Tummy time is the best way for your infant to develop head control. It serves many functions for development. To understand this, try a simple experiment.
- Lie on your back and flail your arms in the air.
- Notice you have nothing to push against, nothing to do but use your vision to support you.
- Now, turn over and lie on your tummy.
- Notice how you can push up with your forearms against the floor.
- Feel how this push travels through your whole body; ideally down your spine, and out your toes.
- Notice how on your tummy allows you to learn how to life your head, a very important infant task for ages 1-5 months
tummy time is high priority for infant learning. If your baby fusses and doesn’t like it, try getting down on the floor at their level. Interact with them.
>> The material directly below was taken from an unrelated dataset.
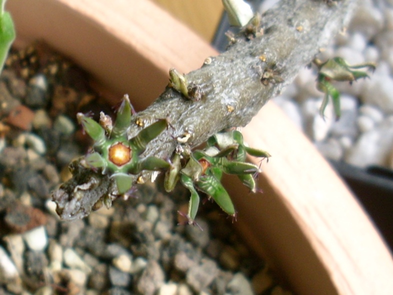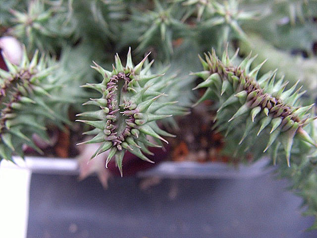zum schluss noch eine kleine zugabe - eine stapelia flavopurpurea mit absolut symmetrischem wuchs ... links und rechts des haupttriebs gleich:

One mom who tried this simple thing said her baby was so much more alert when she went to Mom’s groups. She felt her interactive time with her infant where she was on the floor had helped her babies development far beyond her babies “peers.”
Tummy time is simple. I also suggest using compressive touch to your baby’s, feet, ankles, forearms when on their tummy. Help them feel and orient to weight and pressure.
supportive Tummy Time surfaces
As you can see with the first video, baby is crawling on a smooth surface. On some of the videos you will see infants on carpets. This is not the best surface for learning to crawl. Notice on video #2 how the baby is dragging along in the army crawl.
A simple thing to do if you don’t have a wood floor or linoleum, is to buy a short roll of linoleum from Home Depot or Lowe’s Building Supply. I used to carry a roll in my car when I worked with babies in their homes.
You want your infant to be able to slide, not be dragged by the friction of carpet.
See the videos below to find out a bit more.
Enjoy this 3 DVD set. Primitive reflexes, tummy time, and more!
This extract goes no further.